Dataset records:
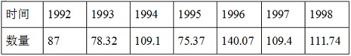 广东省1992年--1998年胶合板进口统计表(计量单位:万立方米)
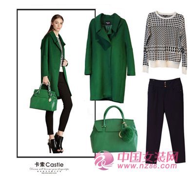 复古风尚的大翻领、简约的设计剪裁,搭配经典的黑白色调的千鸟格毛衣,再来一条质朴的铅笔裤,即刻勾勒出苗条的身材曲线。选择同色的绿色箱型包包,让初冬冷冷的气息中,中性的时尚感让你更加利落帅气,有型有格!
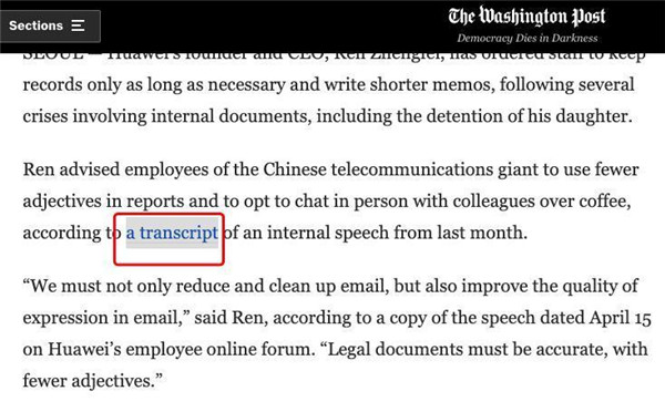 但令人遺憾的是,《華盛頓郵報》這篇報道里,對于新華社記者輕易就在同一個(gè)論壇里搜索出來(lái)的眾多歷史文件“視而不見(jiàn)”,非要把華為一貫的工作斷章取義、錯置語(yǔ)境為“新聞”,把精簡(jiǎn)文件、提高效率的措施“嫁接”到所謂華為躲躲藏藏、居心不良、謹防麻煩的背景里,實(shí)在令人無(wú)語(yǔ),也對《華盛頓郵報》這家媒體的用心打了大大的問(wèn)號。
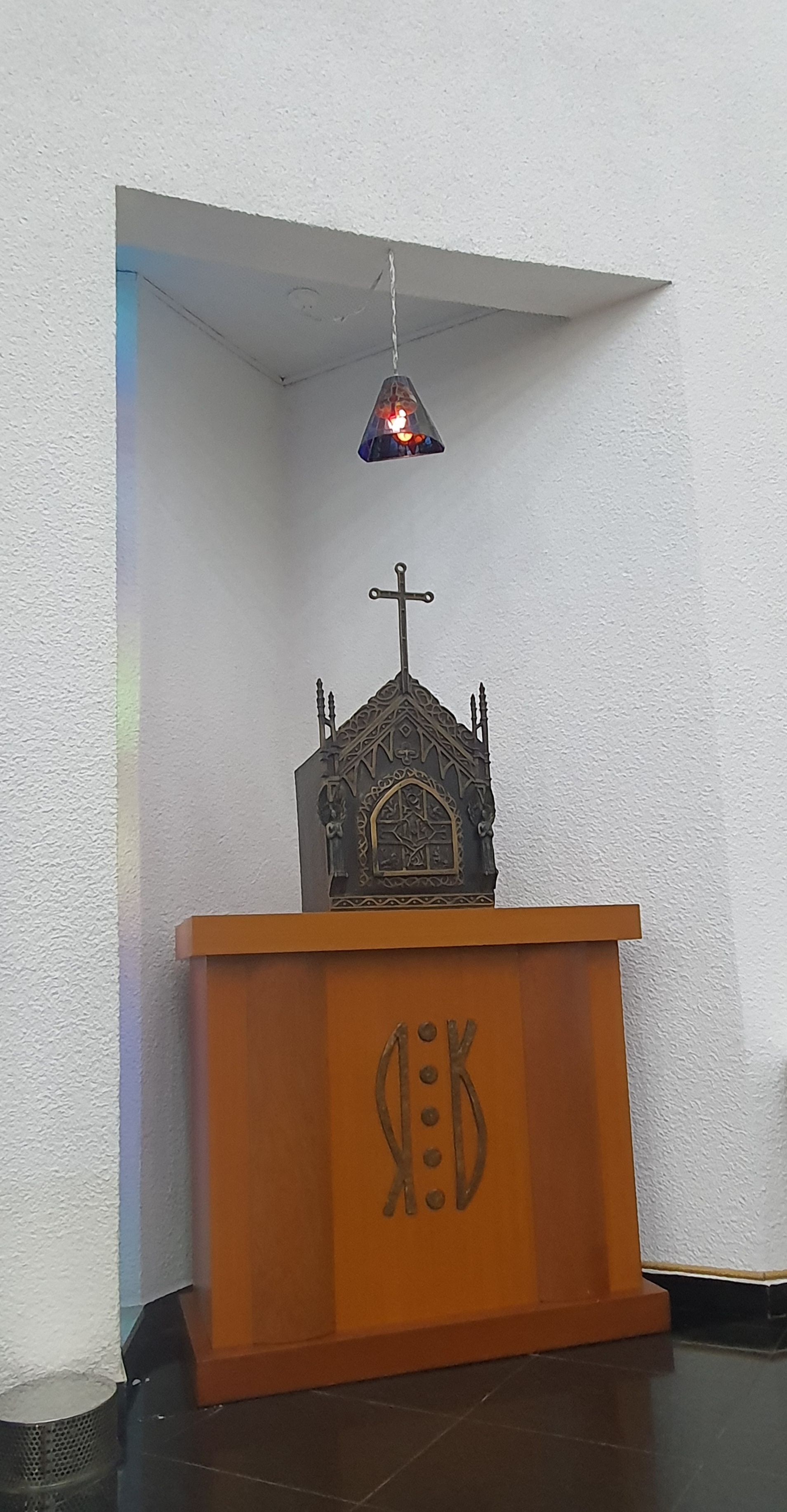부천 중2동 성당의 감실은 특별히 감실단 위에 올려져 있는데, 감실단의 문양이 궁금증을 일으키며 눈에 띠었다.
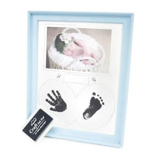 plastikowa ramka na zdjęcia, rozmiar ramki 22,2 x 27,4 cm, szerokość listwy 2 cm, do postawienia lub powieszenia, zawiera tusz do wykonania odcisku dłoni lub stopy dziecka
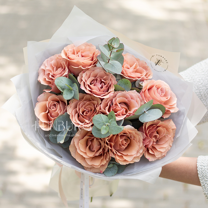 Уютный теплый букет из удивительных роз красивого оттенка шоколадного мусса, оттенённых листиками серебристого эвкалипта, в матовой воздушной полупрозрачной упаковке.
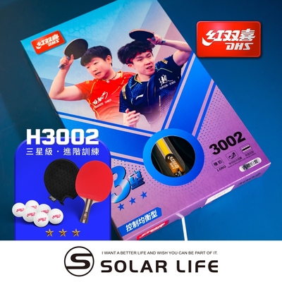 紅雙喜DHS 一星級桌球拍H1002(6512雙面膠皮)/贈球拍套+6球.乒乓球拍 橫拍 膠皮球拍 負手板 桌球刀板$539
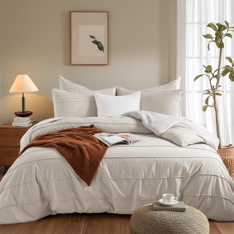 - NATURAL COLOR WITH PLEATED DESIGN, CASUAL AND UNIQUE: Elegant solid color duvet cover together with your bedroom decor to create a cozy environment. The pleated design gives simple bedding some highlights, casual and unique.
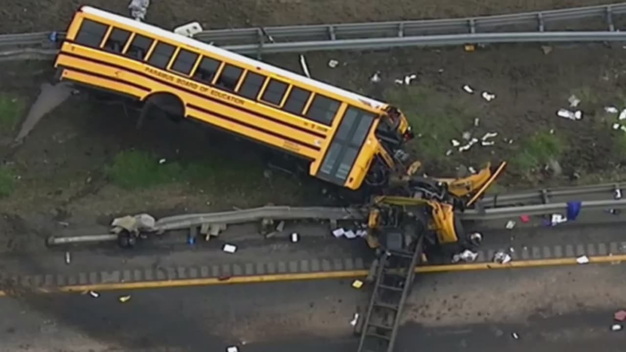El conductor del autobús escolar habría intentado hacer un giro ilegal encontrándose con un camión de carga que no frenó y lo chocó por detrás. Más de 40 personas resultaron heridas en el accidente.
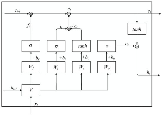 As is shown in Figure 1, the input gate, the forget gate, and the output gate are represented by the letters , , and , respectively. is the element-wise multiplication, and the weight matrices of the network are represented by . denotes the bias vector, and represents the memory cell. and stand for the LSTM hidden layer’s input and output vectors, respectively. The logistic function () and Tanh function (tanh) belong to the sigmoid function.
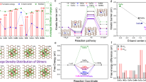 Heterogeneous catalytic reactions begin with the adsorption of the reaction substrates. In CWAO system of acetic acid, there are two important sections affecting the reaction rate, the adsorption and activation of reactants. To activate these two reaction substrates, the adsorption step must occur on the surface of the heterogeneous catalyst firstly. Based on the density functional theory (DFT), we calculated the adsorption energy (ΔEad) of O2 and acetic acid on different catalyst model (Fig. 5 and Supplementary Table 3). And it’s necessary to state the model here using Ru cluster is different from Ru NP we observed in TEM and may have some limitation on the following analysis, but the models still can represent some interaction between the support and active metal Ru. And the computational results show that the metal heteroatom Ni anchored into the nanotube will decrease the ΔEad towards the substrates, especially O2 (ΔEad-O2: from 1.23 eV to −0.06 eV), while the cluster on the CNT possess higher adsorption energy that adsorbs the substrates more easily (Fig. 5b, g, c, h and Supplementary Fig. 13a, b, g, h). That explained the low catalytic activity of Ni-NCNT/AC towards CWAO of acetic acid compared with Ru cluster outer of the nanotube. the CO-diffuse reflectance infrared Fourier transform spectroscopy (CO-DRIFTS) also proved that anchored Ni in Ni-NCNT/AC has low adsorption ability (Supplementary Fig. 14). The noble metal Ru cluster intrinsically possess a high affinity for adsorbing and activating O2 and acetic acid (Fig. 5b, g). Ru single-atom anchoring into the NCNT dramatically increased the ΔEad for O2 and acetic acid which represents a charge redistribution (Supplementary Fig. 13a, b), while atom in Ru cluster will possess a better adsorption for O2 and acetic acid (Fig. 5b, g). Thus, loading NPs on the support will be better for adsorbing O2 and acetic acid. However, the strong bonded oxygen adsorbed on the NPs surface will poison the metal surface. Thus, the proper adsorption on the Ru cluster surface is vital important for catalytic oxidation reaction, especially at high-temperature and high-pressure condition. The Ru cluster on Ni-NCNT (−2.0 eV) show a very similar adsorption on O2 than that of Ru cluster on NCNT (−2.07 eV), while the affinity for acetic acid improved a lot for Ru cluster on Ni-NCNT compared with the Ru cluster on NCNT (Fig. 5d, e, i, j). From the computational result, it is confirmed that the modulation through doping single-atom Ni into NCNT makes the interaction between Ru cluster and support towards better adsorption state that is benefit for the catalytic reaction. Anchoring of metal atom can redistribute the charge of metal atom and the surrounding atoms and modified the property of base-materials16. The different adsorption configuration for acetic acid (Fig. 5g, i, j) has proved that single-atom Ni in Ni–NCNT redistribute the outer electron, affecting the surrounding atom to have a new electronic structure and further alters the material’s electronegativity and promote the activity of Ru cluster17.the reason of the adsorption for O2 was less affected by introducing Ni single-atom may be that the new electronic structure was not suitable for O2 to form Ru–O bond. Therefore, loading noble metal nanoparticle on this transition metal atom anchored support is a facile and reliable strategy for improving the catalytic activity.
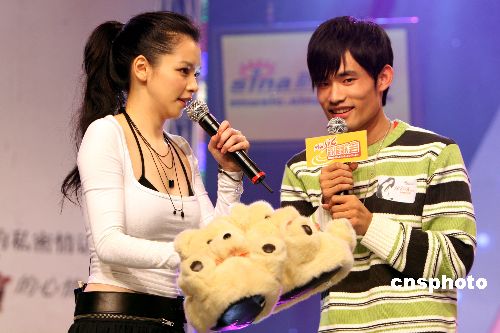 11月2日晚,徐若瑄作客新浪歌会,她激情演唱、热情迸发,令现场歌迷神魂颠倒。在“互动环节”时,徐若瑄与到场歌迷做起了游戏,现场居然出现了她的克隆声音和克隆舞蹈,一位女孩将徐若瑄的声调模仿得出神入化,惹得徐若瑄连连惊呼。一位长像酷似周杰伦的歌迷还为徐若瑄送上了可爱的毛绒拖鞋,整场歌会气氛温馨异常。中新社发 袁方 摄
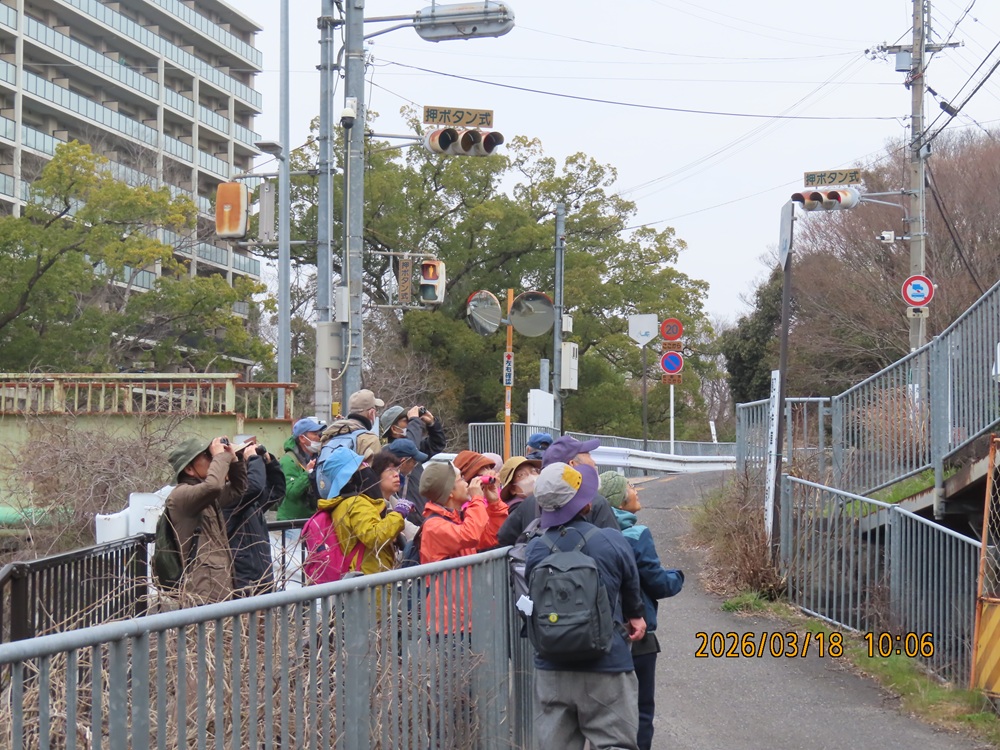 川沿いを歩くとキジの声も聞こえて土筆も出ていて春になりつつあると実感出来ました。川原で昼食です。カワウが数羽日差しを浴びて翅を乾かしていました。昼食後汐の宮にむかって歩くと対岸の屋根にイカルチドリが二羽くつろいでいる様子でした。水辺でばかり見ていたので屋根の上で見るのは初めてでした。その後公園で鳥合わせして解散でした。雨に会わなくてよかったです。

_What you should do_
Exactly and only the lines from the top of the records down to the line containing "plastikowa ramka na" should be transcribed, please, without the pictures.

_Written solution_
 广东省1992年--1998年胶合板进口统计表(计量单位:万立方米)
 复古风尚的大翻领、简约的设计剪裁,搭配经典的黑白色调的千鸟格毛衣,再来一条质朴的铅笔裤,即刻勾勒出苗条的身材曲线。选择同色的绿色箱型包包,让初冬冷冷的气息中,中性的时尚感让你更加利落帅气,有型有格!
 但令人遺憾的是,《華盛頓郵報》這篇報道里,對于新華社記者輕易就在同一個(gè)論壇里搜索出來(lái)的眾多歷史文件“視而不見(jiàn)”,非要把華為一貫的工作斷章取義、錯置語(yǔ)境為“新聞”,把精簡(jiǎn)文件、提高效率的措施“嫁接”到所謂華為躲躲藏藏、居心不良、謹防麻煩的背景里,實(shí)在令人無(wú)語(yǔ),也對《華盛頓郵報》這家媒體的用心打了大大的問(wèn)號。
부천 중2동 성당의 감실은 특별히 감실단 위에 올려져 있는데, 감실단의 문양이 궁금증을 일으키며 눈에 띠었다.
 plastikowa ramka na zdjęcia, rozmiar ramki 22,2 x 27,4 cm, szerokość listwy 2 cm, do postawienia lub powieszenia, zawiera tusz do wykonania odcisku dłoni lub stopy dziecka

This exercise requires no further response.